• **What you will do**: Print the lines below word for word, beginning with the first and ending with the line that holds "感受他们强渡大渡河,抢夺泸定", and skip every picture.

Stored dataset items
|---|
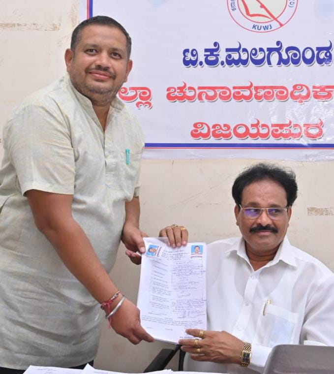 ವಿಜಯಪುರ: ಕಾರ್ಯನಿರತ ಪತ್ರಕರ್ತರ ಸಂಘ (ರಿ) ವಿಜಯಪುರ ಜಿಲ್ಲಾ ಘಟಕದ ಚುನಾವಣೆಯಲ್ಲಿ ಪ್ರಧಾನ ಕಾರ್ಯದರ್ಶಿ ಸ್ಥಾನಕ್ಕೆ ಸ್ಪರ್ಧಿಸಲು “ಉದಯರಶ್ಮಿ” ದಿನಪತ್ರಿಕೆ ಸಂಪಾದಕ ಇಂದುಶೇಖರ ಮಣೂರ ಅವರು ಶುಕ್ರವಾರ ಜಿಲ್ಲಾ ಚುನಾವಣಾಧಿಕಾರಿ ಟಿ.ಕೆ.ಮಲಗೊಂಡ ಅವರಿಗೆ ನಾಮಪತ್ರ ಸಲ್ಲಿಸಿದರು.
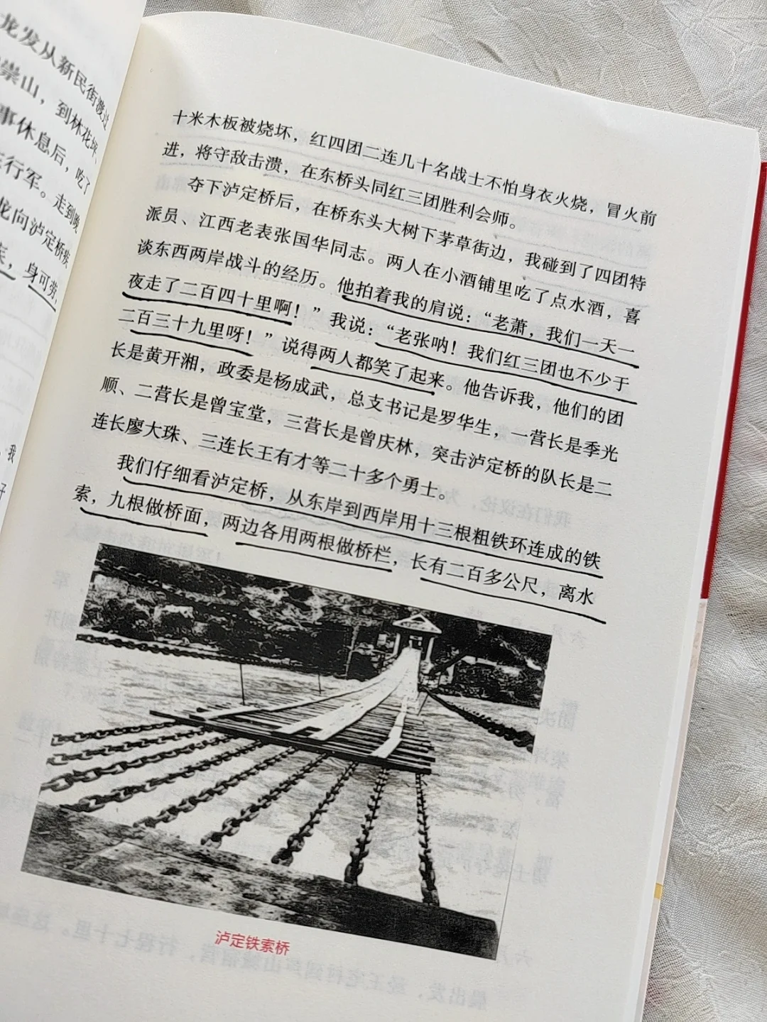 感受他们强渡大渡河,抢夺泸定桥的惊心动魄:泸定桥从东岸到西岸,用十三根粗铁环连成的铁索,九根做桥面,两边各用两根做桥栏,褐红色的流水冲击着河里的礁石,掀起丈多高的浪花,声音震耳…
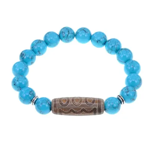 Стрейч-браслет из синтетического камня, имитирующего бирюзу, с тибетской бусиной Дзи из натурального агата.
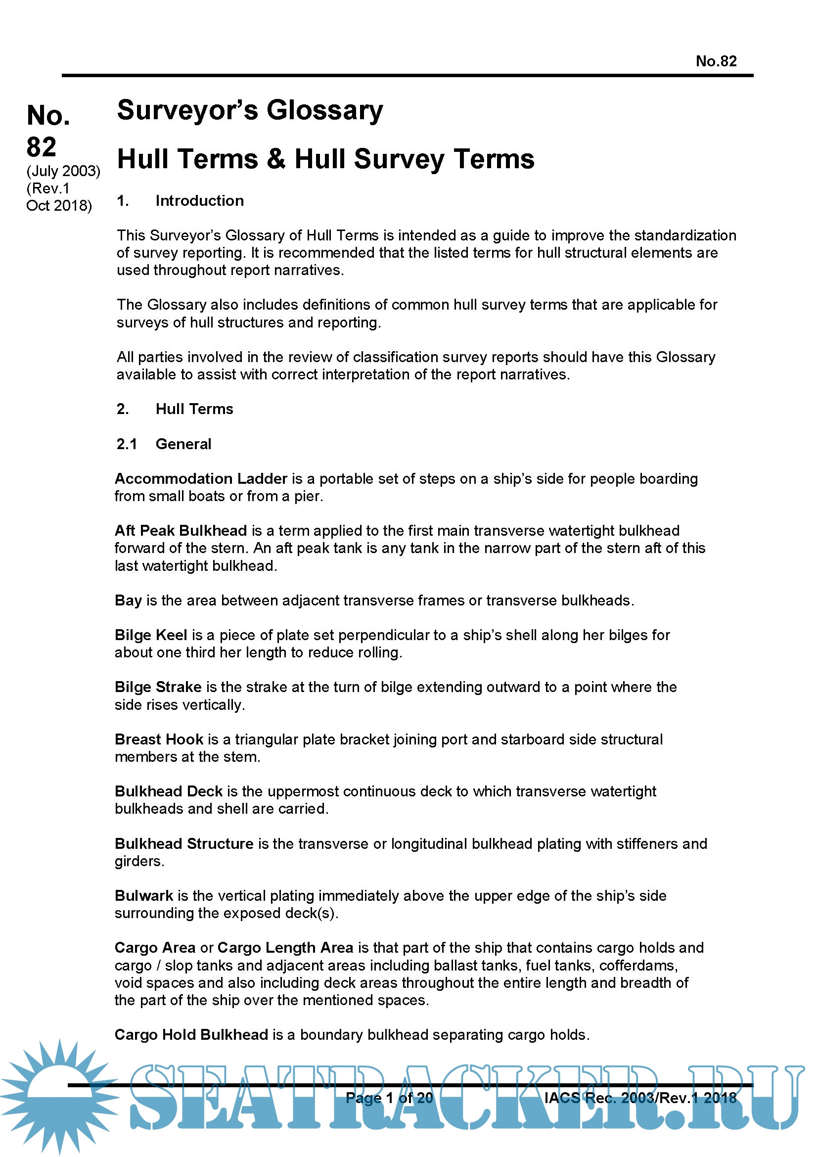 Description: This Surveyor’s Glossary of Hull Terms is intended as a guide to improve the standardization
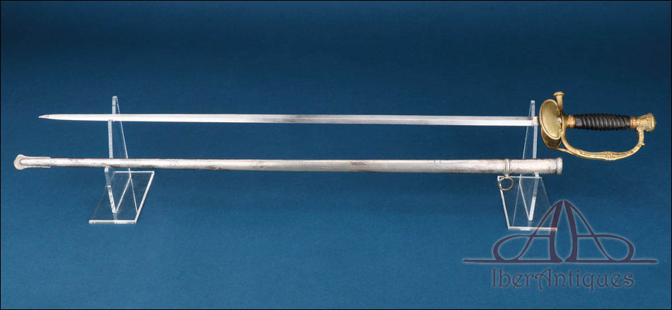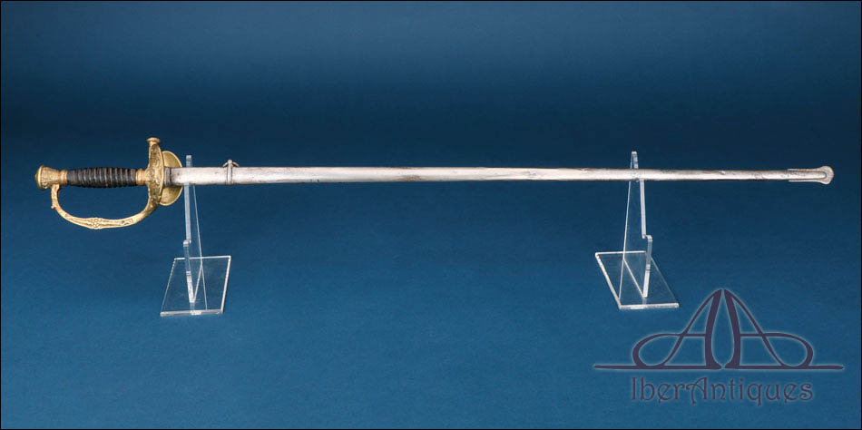 Conserva su vaina metálica original, de hierro, con un anillo de suspensión, elemento que completa el conjunto y refuerza su interés coleccionista. La vaina está igualmente en muy buen estado de conservación lo que siempre añade valor en este tipo de piezas, especialmente cuando se trata de modelos de oficial.
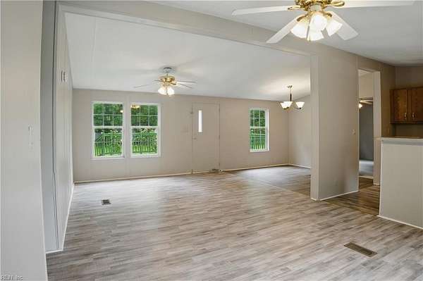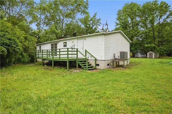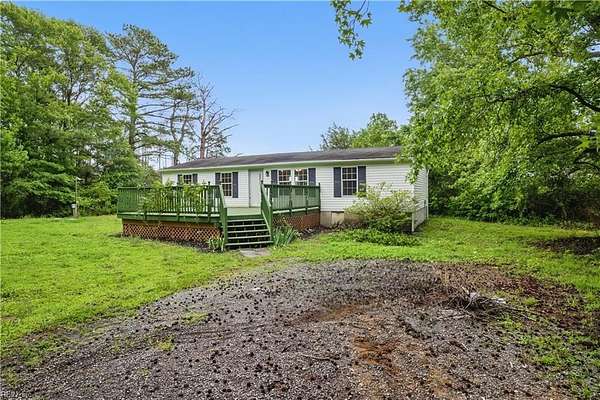 Est $1,211/moPepper Creek 0ff Mobjack Bay! 8.59 Acres +-- One Story home. Very private setting - great for Kayaking out of Pepper Creek, 3 Bedrooms, 2 bathrooms, open floor plan with living area, dining area, & kitchen. Split Bedroom design, vaulted ceiling in living room. 2 decks front and back of the home. Back of home has view of Pepper Creek. Numerous sheds and open workshop 3 Bay Pole Barn with electricity. The property offers affordable waterfront - great for weekend or full time home.
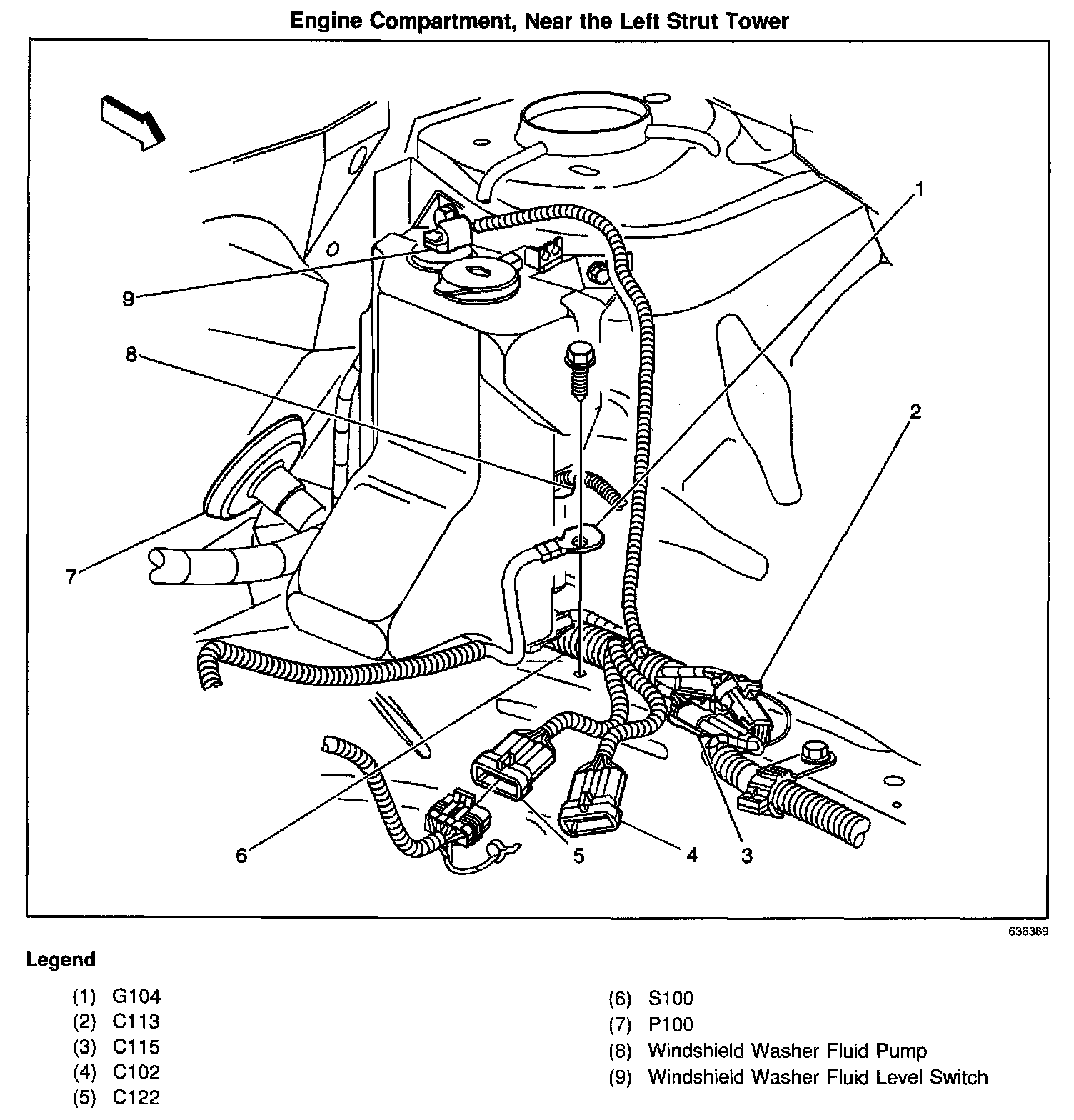 In the left rear of the engine compartment, in the top of the windshield washer reservoir
|---|
• **Response below**:
 ವಿಜಯಪುರ: ಕಾರ್ಯನಿರತ ಪತ್ರಕರ್ತರ ಸಂಘ (ರಿ) ವಿಜಯಪುರ ಜಿಲ್ಲಾ ಘಟಕದ ಚುನಾವಣೆಯಲ್ಲಿ ಪ್ರಧಾನ ಕಾರ್ಯದರ್ಶಿ ಸ್ಥಾನಕ್ಕೆ ಸ್ಪರ್ಧಿಸಲು “ಉದಯರಶ್ಮಿ” ದಿನಪತ್ರಿಕೆ ಸಂಪಾದಕ ಇಂದುಶೇಖರ ಮಣೂರ ಅವರು ಶುಕ್ರವಾರ ಜಿಲ್ಲಾ ಚುನಾವಣಾಧಿಕಾರಿ ಟಿ.ಕೆ.ಮಲಗೊಂಡ ಅವರಿಗೆ ನಾಮಪತ್ರ ಸಲ್ಲಿಸಿದರು.
 感受他们强渡大渡河,抢夺泸定桥的惊心动魄:泸定桥从东岸到西岸,用十三根粗铁环连成的铁索,九根做桥面,两边各用两根做桥栏,褐红色的流水冲击着河里的礁石,掀起丈多高的浪花,声音震耳…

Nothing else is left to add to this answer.